Tag Neun (день девятый)
Ночью я несколько раз просыпалась от тупой горячей боли, настырно пульсирующей сквозь туман уставшего сознания. После долгих часов непрерывных рыданий я чувствовала себя, как после каторги, каждая жилка пела свое сопрано, и их многотысячный хор издавал оглушительный рев, под который я и заснула. Часа в три ночи я проснулась основательно, сев среди скомканных простыней, внимательно прислушиваясь к собственным ощущениям. Что-то тут было не то, и это «не то» выражало всю мерзость пытки бессонницей, выдающуюся боль, которая выбивалась из общего хора воинствующим басом и стучала прямо в голову. Пел ушибленный пальчик на левой ножке. Он мучил меня еще вечером, и я плакала, большей части именно из-за этой вполне физической боли. Закрывая глаза даже на отобранную сиесту, я попыталась урезонить эту надрывно стонущую косточку.

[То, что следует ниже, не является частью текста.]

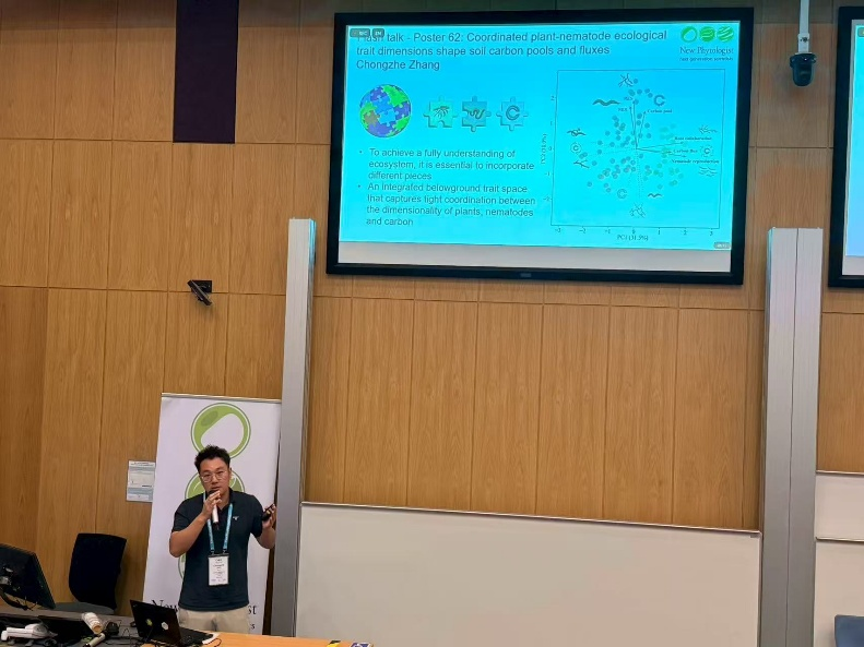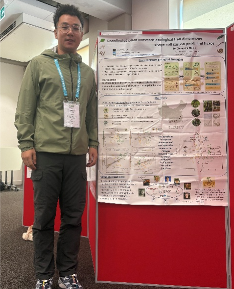 会议期间,张崇哲博士做了题为“Coordinated plant-nematode ecological trait dimensions shape soil carbon pools and fluxes”的Flash Talk和海报展示,介绍了其团队在定量化生态系统不同组分与功能在性状–策略维度上的协调关系方面的研究成果,揭示了植物与线虫生态策略的跨界协同及其与土壤碳循环的关联,并与来自世界各地的研究人员进行了深入交流,拓展了学术视野,收获了宝贵的科研思路、学术反馈与合作契机。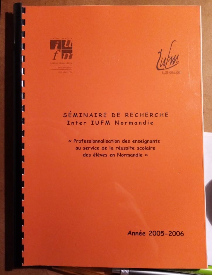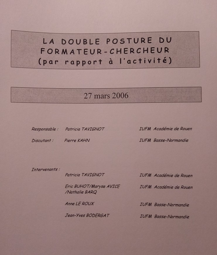 La première saison donne lieu à trois séminaires tenus le 30 mars 2004 à Rouen sur « le(s) sens de l’évaluation », le 10 mai à Caen sur « Enseignement-Motivation-Apprentissages » et le 24 juin à Rouen « Autour de la professionnalisation ». Le séminaire se prolongera jusqu’en 2011, mais aura entretemps donné lieu à la constitution du groupe de recherche. Les actes de ces séminaires sont diffusés en version papier au sein des deux instituts. Voir en photographie ci-dessous : la couverture d’un de ces actes et la page d’ouverture d’une des sessions portant sur un des sujets de prédilection de Patricia : la double posture du formateur-chercheur.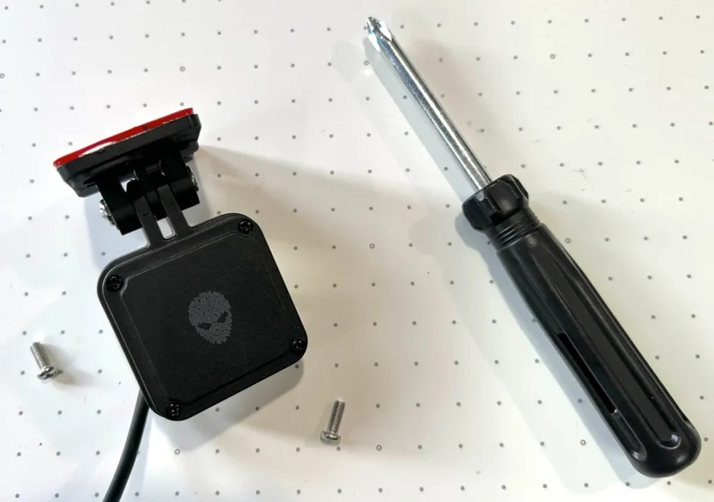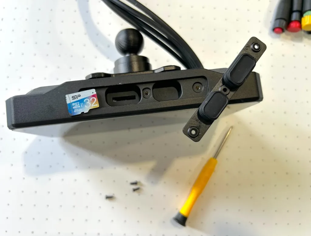 そして、それに加えて付属の工具を使って本体底面のカバーを外すとSDカードスロットがあるので、ドラレコ機能を使う場合はここにMicroSDカードを挿入しておく必要もあります。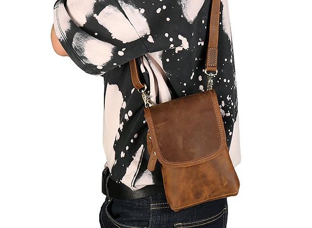 Style: Cool Brown Leather Mens Belt Pouch Mini Shoulder Bag Belt Bag For Men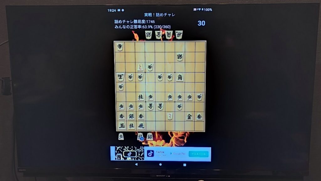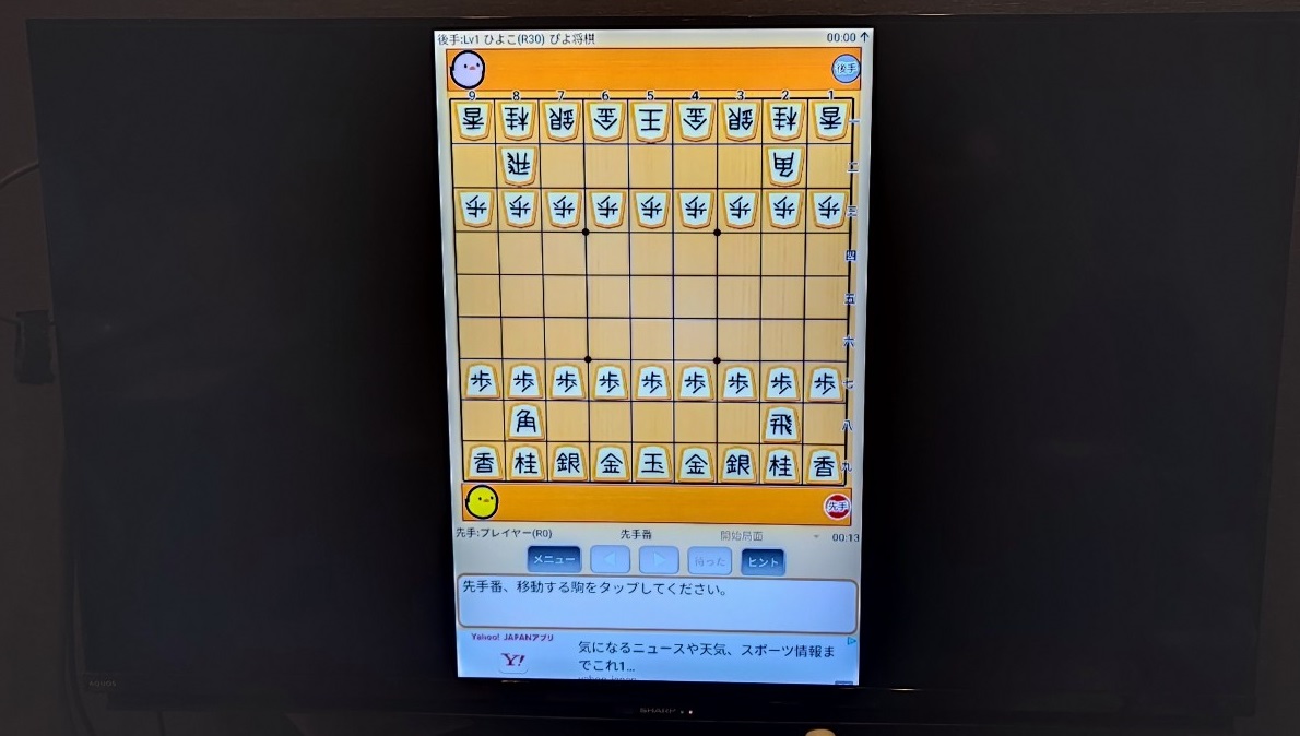 キャストをすると横長のTV画面にスマホの縦長画面は相性が悪く見栄えが悪かった。このタブレット縦横比が程よくて、「将棋クエスト」と「ぴよ将棋」をキャストすると下のようになりました。比較元を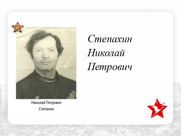 Степахин Николай Петрович родился в дер.Чемодановка Рязанской губернии в 1923г. Был призван в ноябре 1941 года. Воевал в составе 16 армии 12 Гвардейской дивизии 23 минометном отдельном дивизионе на направлении Старой Смоленской дороги.Был ранен 9 июля 1942г. под г.Белая церковь. Дважды награжден Орденом Славы.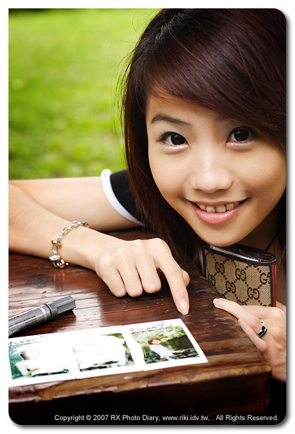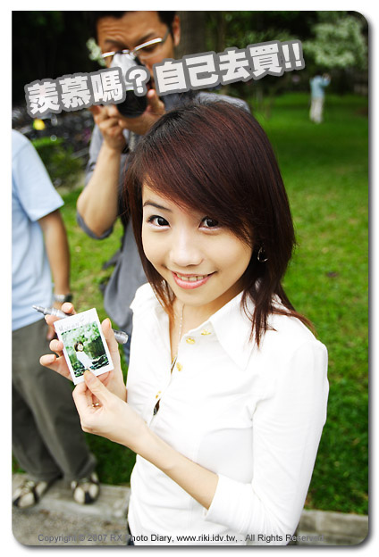 今天的主題是「把妹機」,這只是朋友對這台機器的暱稱,不是要教大家把妹技巧... 話說第一次聽到「把妹機」這名詞,是來自外拍達人《傑克‧小熊維尼》,這位老兄在拍攝現場手拿Fujifilm的小DC,利用紅外線傳輸印出一張張迷你小照片,逗得女model芳心大悅,從此這招數就在江湖上傳開了,自此打開「把妹機」的名號。 其實「把妹機」是一系列產品的統稱,第一代就是跟拍立得類似的Instant Mini,即可拍的好處是馬上看到結果,而無法複製卻是跟拍立得一樣的原罪,況且... 機器上的鏡頭品質跟砸大錢買的單眼不能比。後來因應數位相機的廣大用戶,出了新一代即可印Pivi Mobile Printer,利用紅外線與數位相機連結,拍完照片馬上就可以印出來,而且可以印好幾張,解決了拍立得相機長久以來的悲慘宿命,聰明一點的攝影人發現除了分享,其實也可以來與妹妹們結緣... 所以「把妹機」這名號就開始流傳...。 聽起來很棒對吧?上述的傑克先生就是用這招,然後搭配可愛的小熊維尼圖案的Pivi相紙,印照片給美麗的model們,每次外拍都可以特別得到美女們的青睞,所以才有《傑克‧小熊維尼》的稱號,真是不要臉...。那我為何不花錢買呢?個人覺得這個組合還是有點問題,畢竟我沒有紅外線功能的相機搭配,就算去買一台Fujufilm的相機來玩,我也覺得跟DSLR比起來還是遜一截,結果就是「雖然心動可是沒有搭配行動」。 直到上面我嫌棄的地方都解決了,心中的防線也崩塌了就花錢入手這台終極把妹機─「Fujifilm Pivi MP-300」,只要相機有Picture Bridge功能,接一條USB傳輸線,漂亮照片立刻送到! 雖然說外拍活動都有嚴格規定不可以跟Model要聯絡方式,不過沒規定不可以把自己的MSN給人家吧,所以現在流行的方式是...... 印兩張出來,一張請model簽名作紀念(對方如果上道留下手機號碼更好),另外一張就寫上自己的聯絡方式給佳人,這才不枉費「把妹機」的稱號啊。如果拍得不好,那還是別把照片印出來丟人現眼,畢竟一張Pivi相紙也不便宜,25元可以買份大亨堡耶... 當天拍攝《女王.Yvonne》拿出Pivi做示範,馬上得到社員們的熱烈迴響,這些可愛的電腦工程師們,對待女生可都是超體貼的,無時無刻與薪水的一分一毫,都願意貢獻到美女身上的,呵呵呵... 下次外拍一定人手一台「終極把妹機」!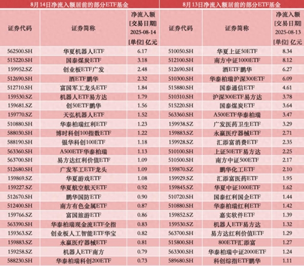 宽基指数方面,广发创业板ETF最受青睐,8月14日的净流入额为2.48亿元;鹏华创业板50ETF、博时上证科创板100ETF、银华上证科创板100ETF、华泰柏瑞中证A500ETF的净流入额分别为1.56亿元、1.22亿元、1.18亿元、1.13亿元。

Потом было какое-то забытье, а потом я проснулась, обнаружив, что в моем липко-красном сне стонал не Альхен (а интересно, как он стонет?), а я. И папаша, только что оглушительно храпящий, теперь недовольно ворочается, и серебряный луч луны придает его бородатому профилю какую-то страшноватую собранность, сдержанную суровость. Зеленый луч Маяка делал «Ух-х-х?» на спутанных ветвях старой фисташки под окном и мчался дальше. Ялта в воде. Ялта над водой. Небо индиговое, со звенящими вкраплениями звезд. «Ух-х-х?». Я решила встать и пойти попить. Но когда ноющая нога ступила на холодные половицы, неожиданный взрыв гнусной боли пронзил меня насквозь. Обиженно всхлипнув и вспомнив, к тому же, что являюсь жертвой непомерной суровости, я продолжала тихо питать слезами свою подушку, ответившую мне лишь неблагодарной мокротой.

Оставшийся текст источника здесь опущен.